# PROBLEM DESCRIPTION
Starting at the line that contains "흰색 아이보리 컨버스는 블랙 슬랙스에 찰떡", print each line exactly through the end of the listing. Skip any pictures and add nothing.

# DATASET EXTRACT
Start of Block

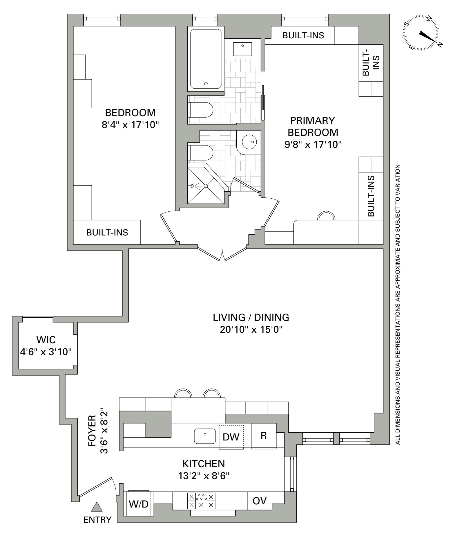 Both spacious bedrooms are south facing, enjoying natural light and a tree lined view, and the primary bedroom includes a windowed en-suite bath with a deep soaking tub. Custom built-ins in each room offer maximum storage, as well as a built-in desk in each room to accommodate your work from home needs. A renovated second bathroom, in-unit W/D, and private storage complete this already fabulous home.
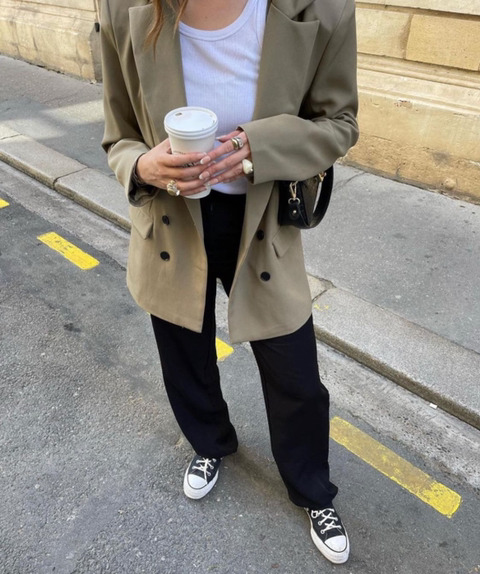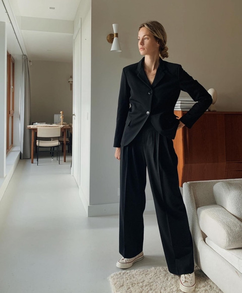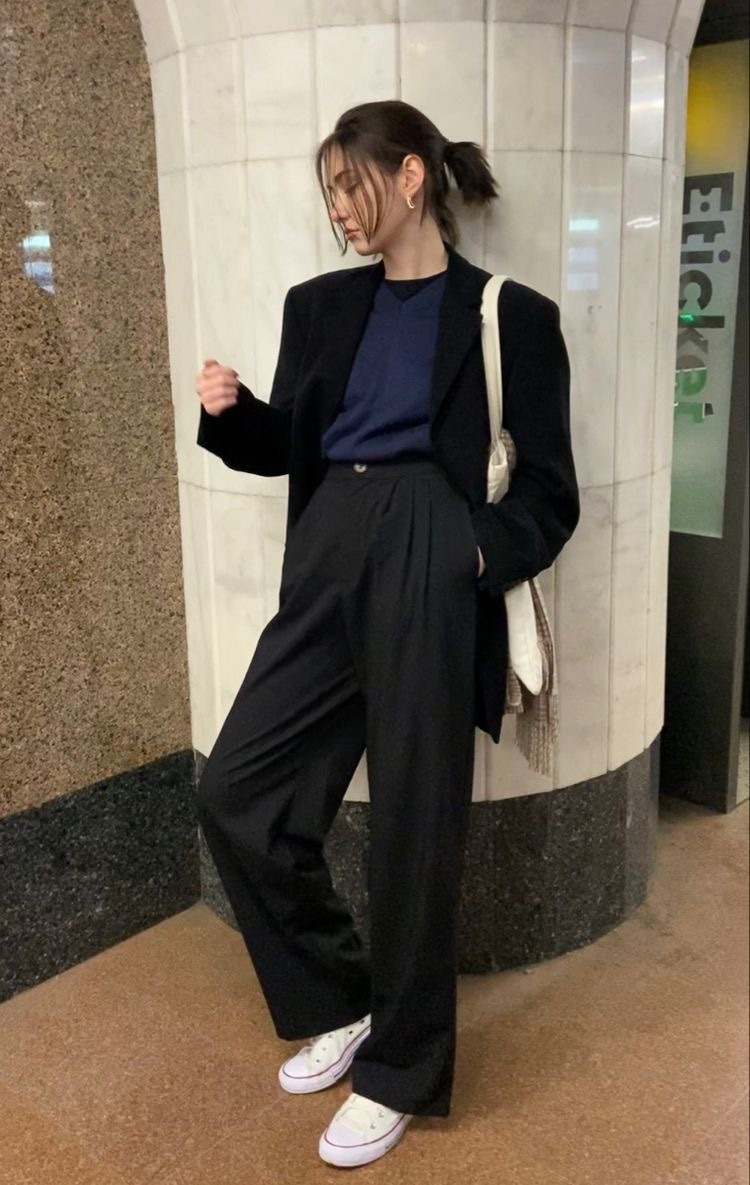 흰색 아이보리 컨버스는 블랙 슬랙스에 찰떡
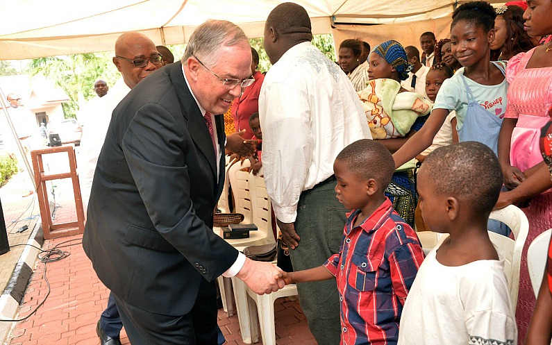 Elder Andersen serre la main d'enfants
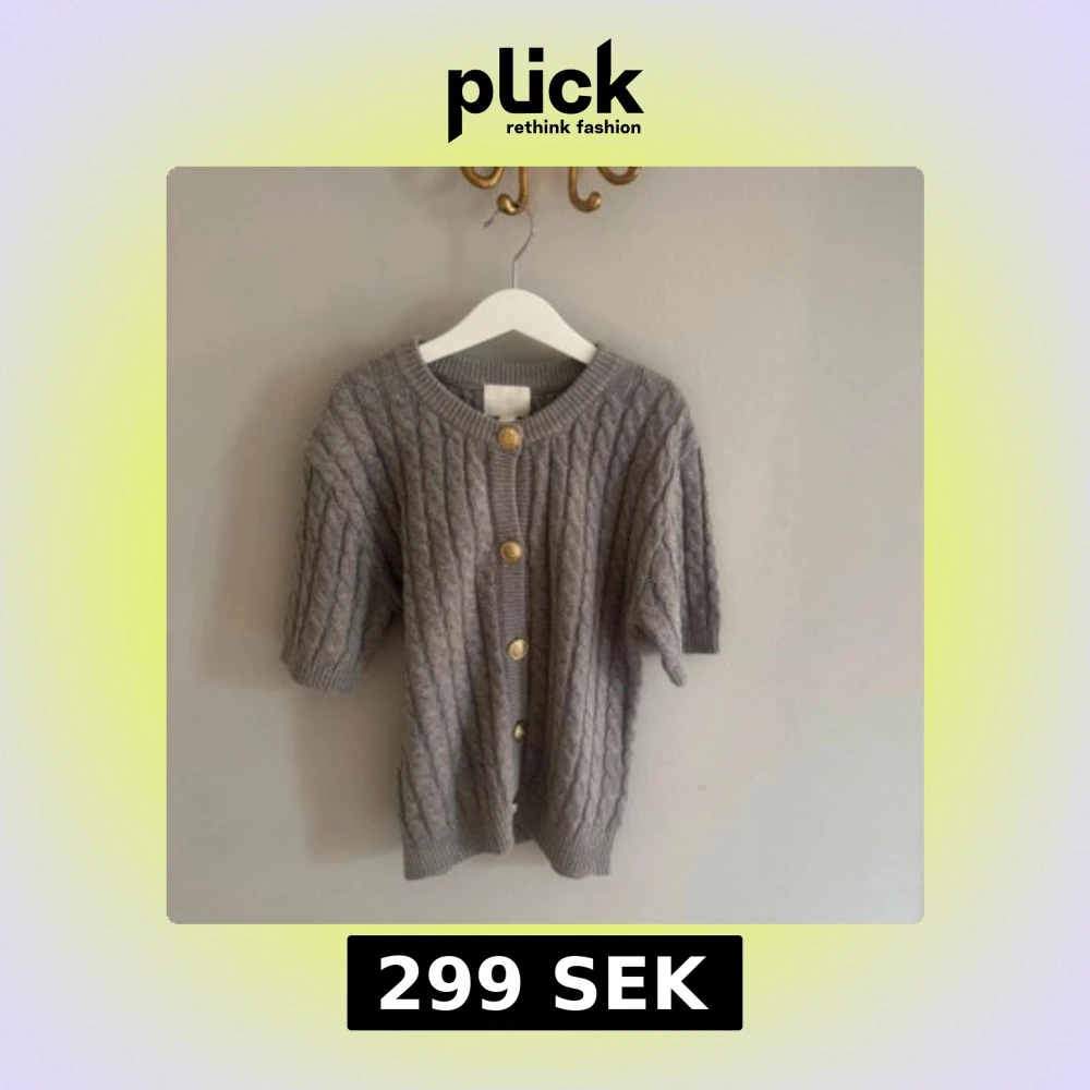 Grå kabelstickad kofta med kortare ärmar och snygga guldknappar framtill. Koftan har rund halsringning och ribbade muddar vid ärmslut och nederkant. Perfekt för lager-på-lager och en chill look.

End of Block

# ANSWER TO THE EXERCISE
 흰색 아이보리 컨버스는 블랙 슬랙스에 찰떡
 Elder Andersen serre la main d'enfants
 Grå kabelstickad kofta med kortare ärmar och snygga guldknappar framtill. Koftan har rund halsringning och ribbade muddar vid ärmslut och nederkant. Perfekt för lager-på-lager och en chill look.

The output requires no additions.